Currently this ‘storyteller’ is part of a ‘marathon’. “When you’re doing stand-up comedy it’s like a sprint – you’re running to that finish line as fast as possible. Radio is like a marathon. You wake up every day and do a three-hour show; you make sure you pace yourself,” Saad, the RJ, shares who has been ‘inspired by music all his life’.

Saad has been donning quite a few headgears. “Being the producer, writer, director and performer, has made me very savvy, even though it’s very challenging,” he talks about the issues of ‘living in a conservative society’. “You can step over boundaries as a comedian, but you can’t step on too many and have to be skilful about what you can and cannot talk about,” Saad shares about his ‘struggles’. “You have to have an immense reservoir of motivation,” the ‘older-but-not-wiser’ comedian utters.

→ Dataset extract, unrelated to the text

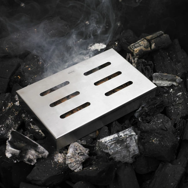 Mit der Rösle Räucherbox kannst Du Dein Grillgut genau so räuchern wie bei echtem BBQ in Amerika. Die zweiteilige Edelstahlbox aus Räucherschale und Deckel fasst bis zu 750 ml und verleiht dem Lebensmittel einen aromatischen Rauchgeschmack.

All those youngsters who wish to be a part of the comic platform, Saad shares an insight. “If you think it’s going to be a joy ride, it will be not. It is going to be more work than being a lawyer, it gets frustrating and has no pay cheque at the end of the day,” but what can keep one going is the love of the craft, voices the entertainer making it clear that it isn’t ‘some kind of a bypass with one reaching the end goal laughing’. As for the parents, Saad voices, “If your kid is working hard, he’ll make a lot of money, simply enjoy it for he’s not stealing or lying, just by default he is better than 89 per cent of the Pakistani society, congratulations!”

Saad has been thinking a lot about what he would have been doing if he wasn’t a comedian. “I would have been a doctor,” says the student who loved Biology. “Reading people is what I do when performing, for the whole problem-solving thing is fun,” Saad remarks, how comedy is “fun with no glitz and glam, but simple fun in dirty jeans.”

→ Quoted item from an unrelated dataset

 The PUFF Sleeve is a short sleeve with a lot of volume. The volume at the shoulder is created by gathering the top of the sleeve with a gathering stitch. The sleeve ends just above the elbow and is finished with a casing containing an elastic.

The new show which Saad is working on currently, ricochets around love. “Relationships are hard, love is hard and marriage is hard, talk about it and if you can’t, I’ll talk on your behalf, and what you can do is laugh and relate to it,” he says, not going into the details of the upcoming show, except pointing out that it will come out this year.

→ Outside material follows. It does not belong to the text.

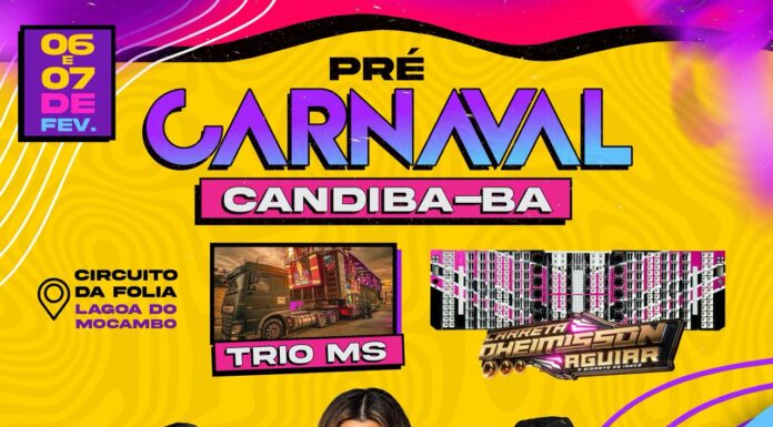 PRÉ CARNAVAL DE CANDIBA, 06 e 07 de Fevereiro, NETO LX, LAMBASAIA, VINA CALMON, KUARTO DE EMPREGADA, LUXÚRIA, SOM DO POVO, Carreta DHEIMISSON AGUIAR (A GIGANTE DE IRECÊ), TRIO...

“I haven’t known next month what I’ll be doing for the next 10 years… 10 years of not knowing is crazy; if you did so with any other profession, people would think its psychotic,” Saad shares how all along his family has been supportive of what he does.

Saad, before each show of his has a huge adrenaline rush, one that is unmatched. “I can’t sleep till 4 in the morning,” says the funny man who goes onstage like ‘yeah’ and comes off it like ‘woah’. What keeps him going all this time? “There’s no drug that can compete with that feeling!” he remarks lucidly, while trying to recall what the chimta-joke was about.